Data: 2004-07-29 22:29:16
Temat: Re: czy to jest zazdrość?
Od: "Redart" <r...@w...op.to.pl>
Pokaż wszystkie nagłówki
Użytkownik "Natek" <n...@o...pl> napisał w wiadomości
news:xn0dldaobyxcyp000@news.onet.pl...
> > A gdyby detektyw był ideałem dyskrecji, a jednocześnie
> > fanatycznie hołdował zasadzie "nic co ludzkie nie jest mi obce" ?
> > Pogardziłabyś mężczyzną, który zna najciemniejsze
> > zakamarki Twojej duszy, a jednak milczy na ten temat ?
> > Czy taki mężczyzna wydałby Ci się sztuczny ?
>
> Nie czytałeś wcześniejszych postów w tym wątku
> czy chcesz pożartować - bo nie wiem, jak Ci odpowiedzieć :)
Przeczytałem wszystko i dokonałem pewnego zwrotu - zmieniłem
znaczenie detektywa: podejrzliwość zamieniłem daleko posuniętą
ciekawością ... Może wręcz chorobliwą ...
Czyli jakbyś spojrzała na mężczyznę, który podobnie jak detektyw,
szpera tu i tam, ale nie po to, by działać "przeciwko", tylko, żeby
"wiedzieć".
Ale to takie hipotetyczne ... W zasadzie to chyba rzeczywiście
mało pasuje do wątku, bo tu mowa o partnerach - a takie cechy
jak ciekawość nie pojawiają się nagle po latach znajomości ...
Zastanawiam się po prostu nad tym, czy może istnieć duża
rozbieżność między chęcią ukrycia czegoś a poczuciem
winy z powodu zdrady.
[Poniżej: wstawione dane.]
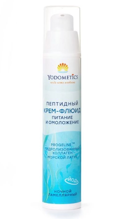 Уникальный ночной крем-флюид «Yodometics» на ламеллярной эмульсии с природными пептидами, экстрактом Ulva Cactuca (Морской латук) обеспечивает длительное питание и увлажнение в ночное время. Масла арганы, макадамии, миндаля и виноградной косточки делают кожу гладкой и эластичной. Комплекс Проджелин содержит пептид, обладающий доказанной антивозрастной активностью, оказывает выраженное подтягивающее и укрепляюшее действие на кожу лица.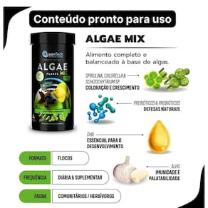 Oceantech Algae Mix é um alimento completo e balanceado, formulado para atender às necessidades nutricionais e promover mais cor para seus peixes.

Inaczej: jak rozległe mogą być w
związku obszary prywatności, którą nie chcemy się dzielić
z partnerem, choć nie ma kryje się za tm żadna zdrada
ani nic w tym rodzaju - tylko np. jakieś nasze nawyki,
kompleksy, którymi nie chcemy się dzielić.
Na ile jesteśmy skłonni podzielić się wszystkim - tzn.
wpuszczać partnera wszędzie tam, gdzie tylko chce wejść.